[Stored data]
※ ※ ※

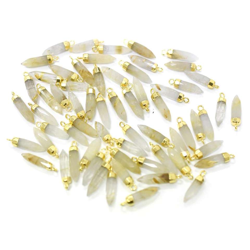 Product Name:Golden Rutilated Quartz Big Spike Shape Gold Plated Pendant
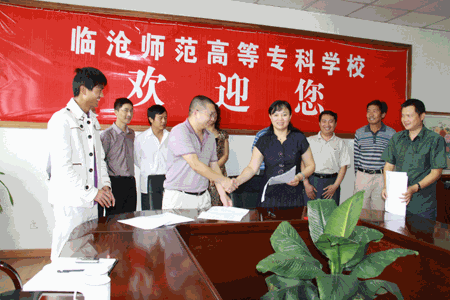 (校党委宣传部 文/张汉仙 图/张玉超)5月16日上午,临沧师范高等专科学校寻求合作伙伴融资建设图书馆、实验实训楼、足球场工程合作合同签订仪式在博雅楼四楼会议室举行。临沧师专校长那金华,党委副书记赵庆明,副校长董大校,纪委书记双春仁,副校长杨宝康参加签订仪式。
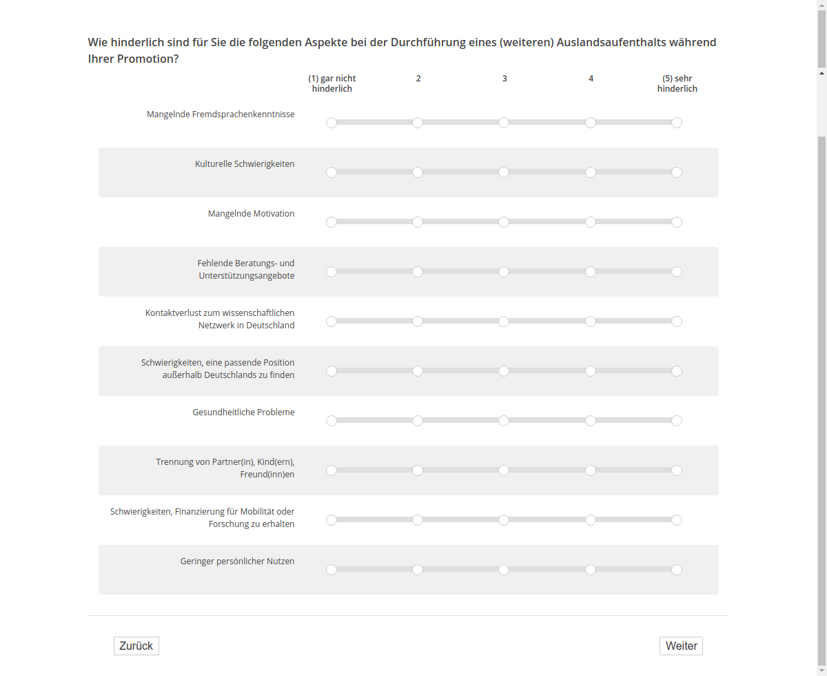 Wie hinderlich sind für Sie die folgenden Aspekte bei der Durchführung eines (weiteren) Auslandsaufenthalts während Ihrer Promotion?
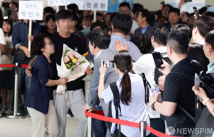 [영종도=뉴스핌] 김학선 기자 = 미국 이민당국에 의해 조지아주에 구금됐다가 석방된 한국인 근로자들이 12일 오후 인천국제공항을 통해 귀국해 가족들과 인사를 나누고 있다. 2025.09.12 yooksa@newspim.com
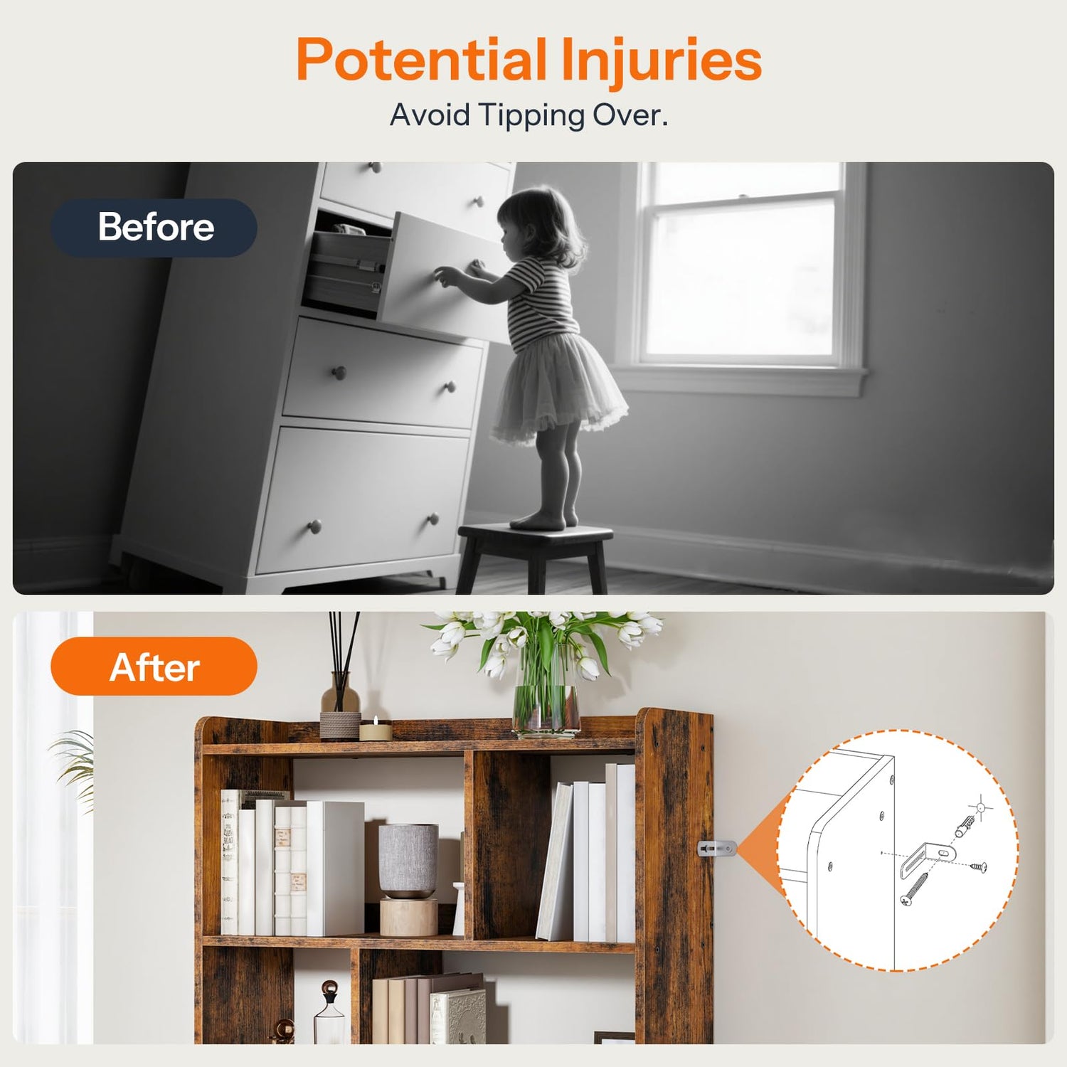 - Built to Last: Crafted from premium particleboard and supported by 4 metal legs with anti-slip tube plugs, this brown bookshelf ensures a robust structure. The included anti-tip kit enhances stability, with an overall weight capacity of 220 lb for your items
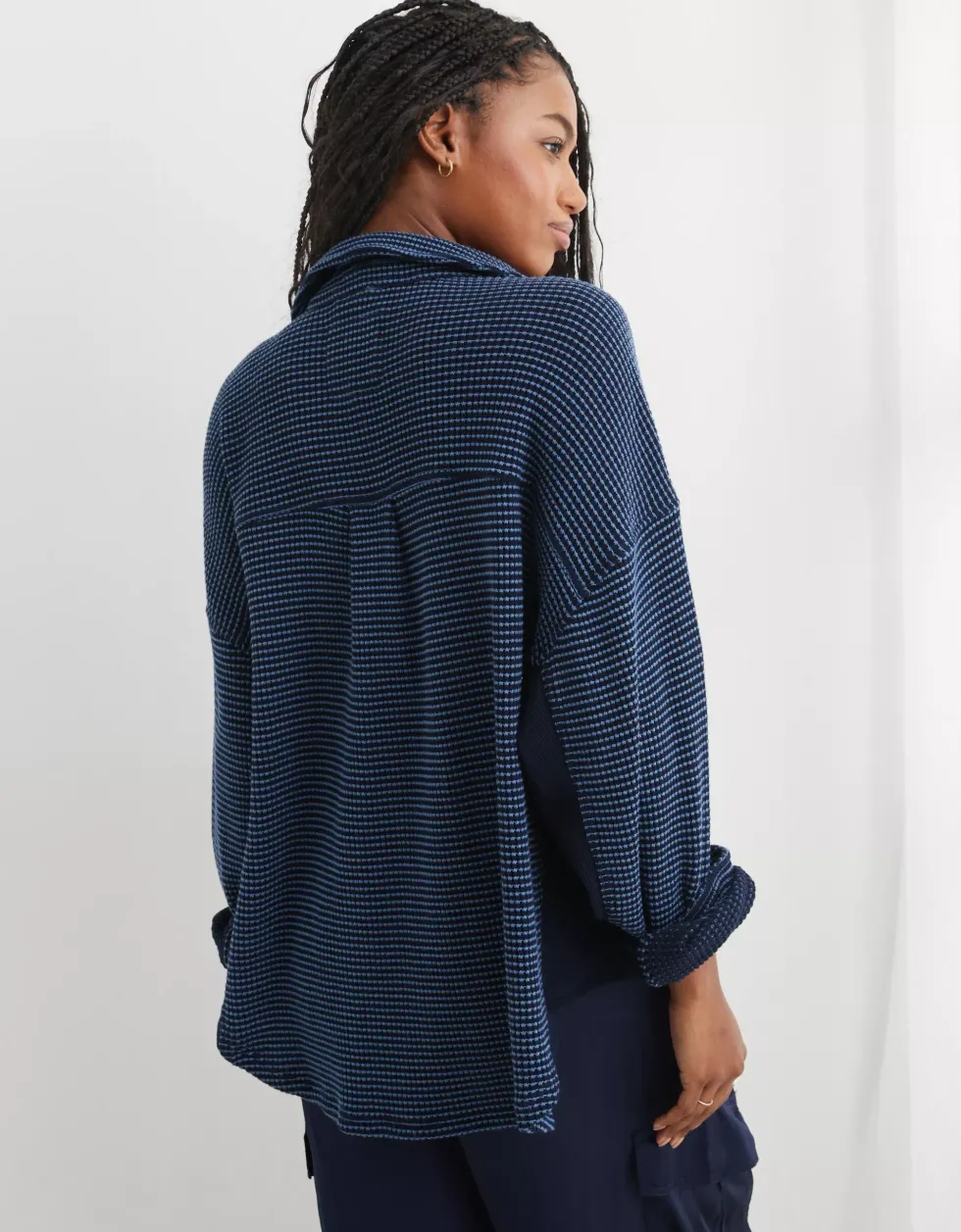 This button-down waffle knit shacket is made from a comfy cotton blend and is available in 5 different colors!
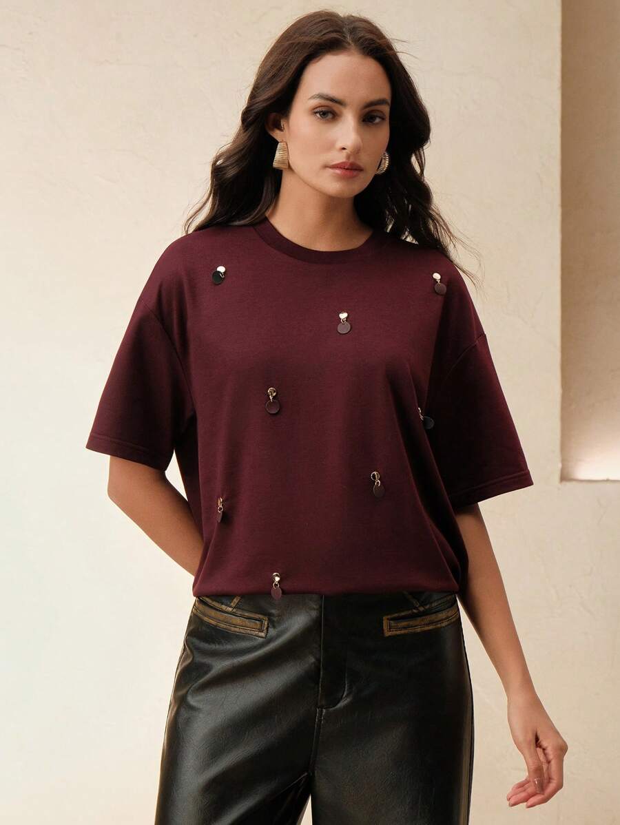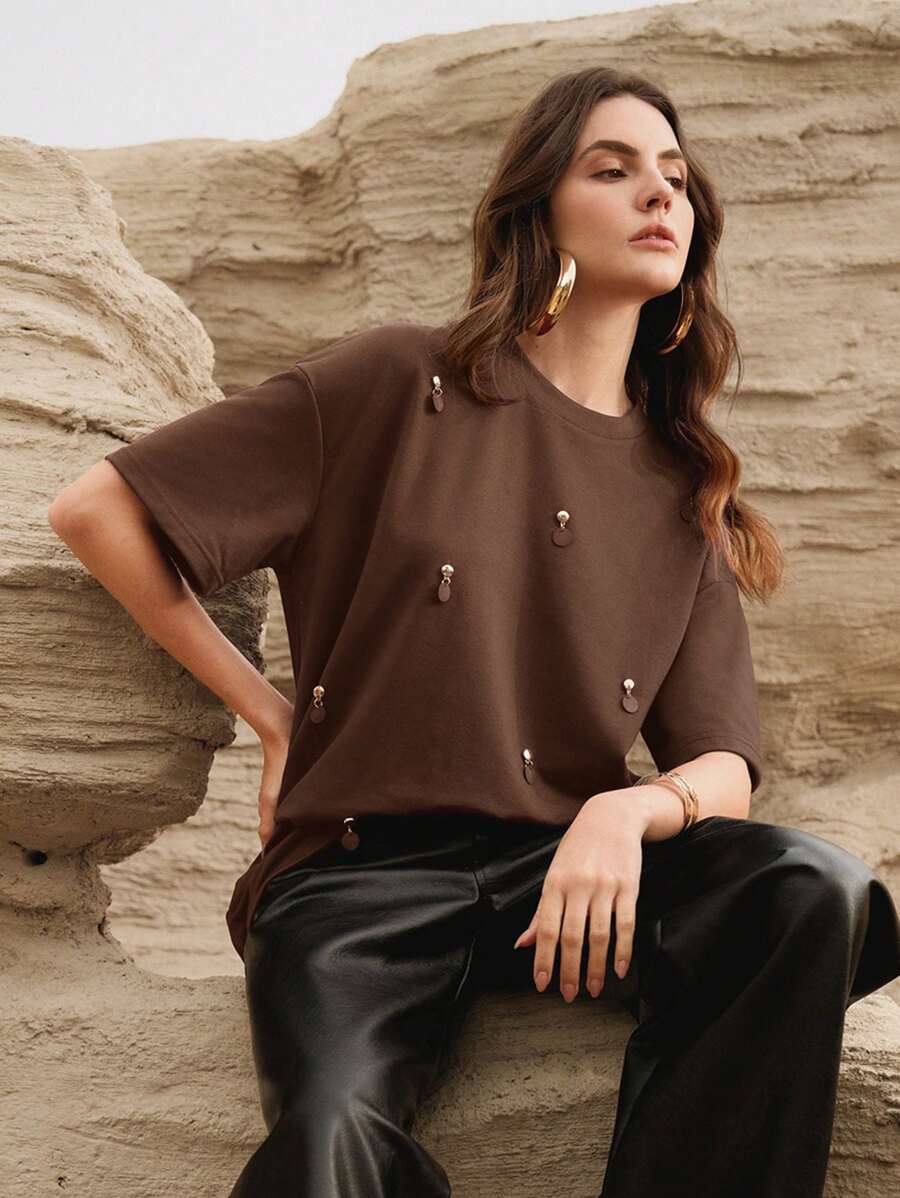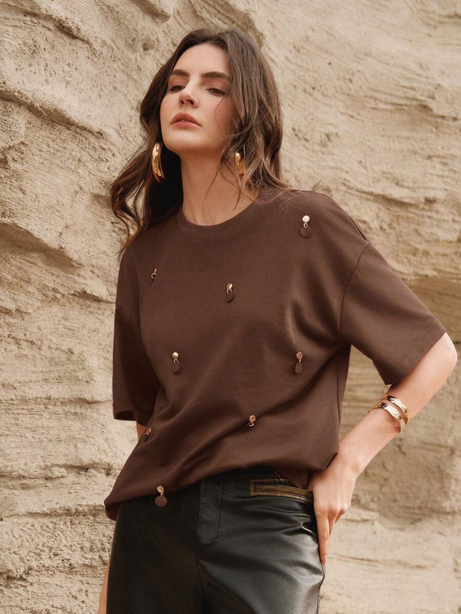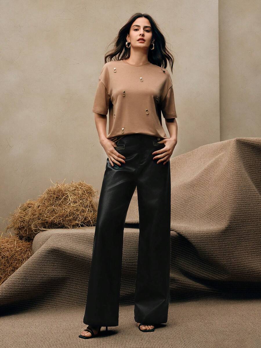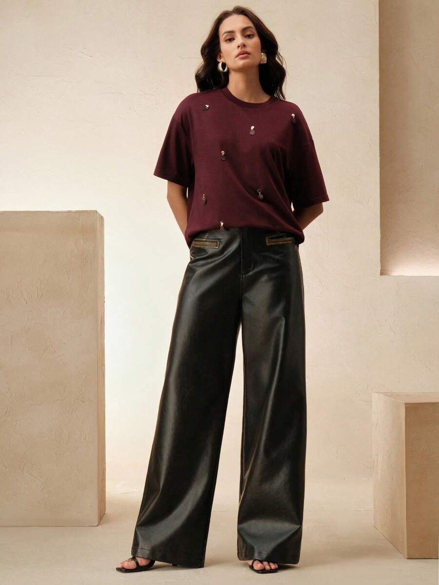 MIU Women's Solid Color Woven Long Sleeve Casual

※ ※ ※

> EXERCISE DESCRIPTION: Output each of the lines above exactly, apart from the images.

> TASK RESULT:
 Product Name:Golden Rutilated Quartz Big Spike Shape Gold Plated Pendant
 (校党委宣传部 文/张汉仙 图/张玉超)5月16日上午,临沧师范高等专科学校寻求合作伙伴融资建设图书馆、实验实训楼、足球场工程合作合同签订仪式在博雅楼四楼会议室举行。临沧师专校长那金华,党委副书记赵庆明,副校长董大校,纪委书记双春仁,副校长杨宝康参加签订仪式。
 Wie hinderlich sind für Sie die folgenden Aspekte bei der Durchführung eines (weiteren) Auslandsaufenthalts während Ihrer Promotion?
 [영종도=뉴스핌] 김학선 기자 = 미국 이민당국에 의해 조지아주에 구금됐다가 석방된 한국인 근로자들이 12일 오후 인천국제공항을 통해 귀국해 가족들과 인사를 나누고 있다. 2025.09.12 yooksa@newspim.com
 - Built to Last: Crafted from premium particleboard and supported by 4 metal legs with anti-slip tube plugs, this brown bookshelf ensures a robust structure. The included anti-tip kit enhances stability, with an overall weight capacity of 220 lb for your items
 This button-down waffle knit shacket is made from a comfy cotton blend and is available in 5 different colors!
 MIU Women's Solid Color Woven Long Sleeve Casual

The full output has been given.